The HBGRU-LSTM model of opinion mining has immense scope for real-time applications in many areas:

• Social media monitoring: The model can be integrated with real-time social media analytics software to track and analyze customer sentiment, brand image, and public opinion trends in real time. This can be used by companies for proactive marketing and reputation management.
• E-commerce and customer review analysis: The model can enhance real-time product review analysis, allowing e-commerce sites to categorize and summarize customer opinions efficiently. This can assist businesses in product development, customer issue resolution, and recommendation optimization.
• Financial and stock market prediction: Based on real-time news articles, financial reports, and social media sentiment analysis, the model can produce forecasts of stock direction and economic trends to help investors and financial analysts make decisions.
• Patient and healthcare feedback systems: The model can be utilized to implement on patient review systems such that relevant feedback on hospitals, doctors, and treatment can be collected. This will assist healthcare professionals in enhancing the patient experience and medical treatment according to sentiment patterns.
• Customer service automation: The model can be integrated into chat-bots and virtual assistants to monitor customer sentiment in real-time, providing adequate responses and escalation of critical issues to human representatives whenever needed.
• Political and social sentiment analysis: Governments and policymakers can use the model to track public mood in real-time for policies, elections, and issues of national interest so that they can make evidence-based decisions.

7. Conclusions

The increasing volume of opinions shared on social media platforms only confirms the demand for effective opinion mining tools. Businesses can benefit a lot from such data in their quest to improve their products and services.

This paper underlined the effectiveness of a hybrid bidirectional GRU-LSTM architecture in sentiment analysis; this indeed constitutes a sea change from the traditional approaches. Contextual nuances and class imbalances are handled successfully for improved accuracy and generalization across diverse datasets.
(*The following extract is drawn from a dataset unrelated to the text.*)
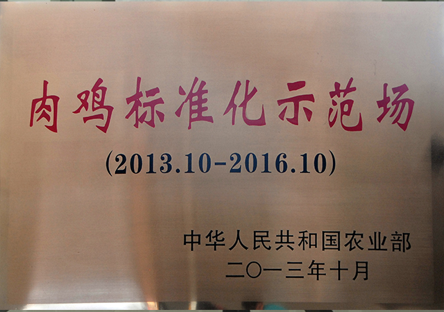 經(jīng)專家驗收評分,圣農(nóng)大青肉雞場以94分的高分,于2013年10月通過驗收,被國家農(nóng)業(yè)部評為“肉雞標準示范場”。2014年6月15日,圣農(nóng)收到農(nóng)業(yè)部頒發(fā)的獎牌。
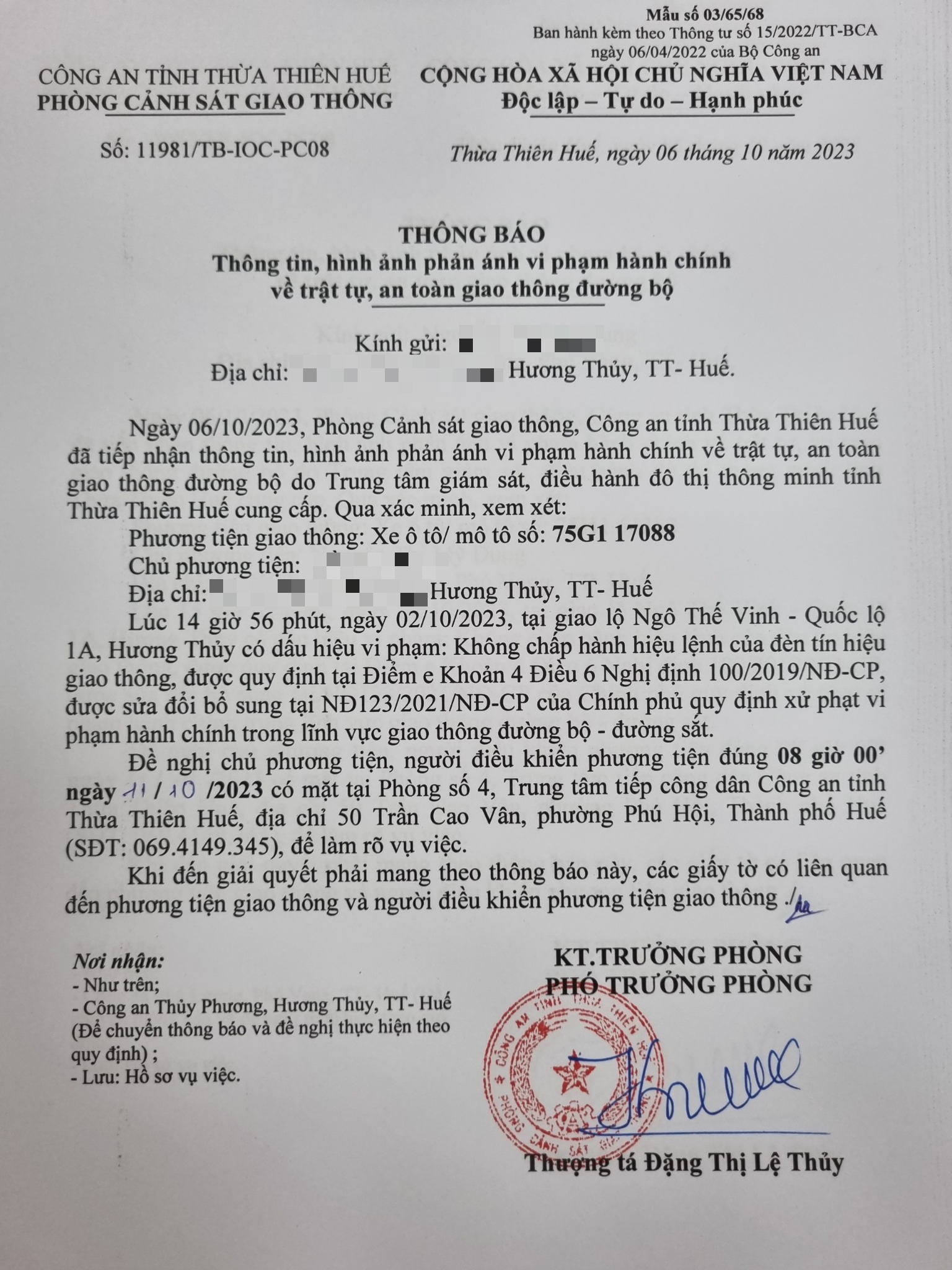 Phòng CSGT đã gửi thông báo, yêu cầu chủ phương tiện đến làm việc theo quy định của pháp luật. Tuy nhiên, đã quá ngày hẹn nhưng chủ phương tiện vẫn chưa đến làm việc theo yêu cầu. Phòng CSGT sẽ tiếp tục thông báo Công an địa phương nơi chủ phương tiện thường trú; đồng thời, thông báo các tổ tuần tra kiểm soát trên địa bàn, trong quá trình làm nhiệm vụ nếu phát hiện sẽ tiến hành dừng xe để xử lý.

The proposed model is enhanced in different performance measures like accuracy, recall, and F1-score. The model addresses class imbalance using techniques like oversampling for the aim of generating a class-balanced set of sentiment classes. From the experimental results, it can be seen that class imbalance needs to be addressed when performing sentiment analysis because the utilization of class-balanced data significantly enhanced the performance of the model, particularly in detecting negative sentiments

The model worked effectively on benchmark datasets such as IMDB and Amazon reviews, its versatility. Nonetheless, additional experimentation on domain datasets is recommended to unlock its full potential in specific domains such as healthcare and finance. The future can also witness a combination of transformer-based models, which have been useful in feature representation and accuracy improvement. Its application can also give insights into consumer attitudes that can be beneficial to businesses and public opinion. Consistent performance on benchmark datasets, such as IMDB and Amazon reviews, is a sign of its generalizability across domains. Nevertheless, the model must be tested with more domain-specific datasets to realize its full potential in special domains such as healthcare, education, and finance.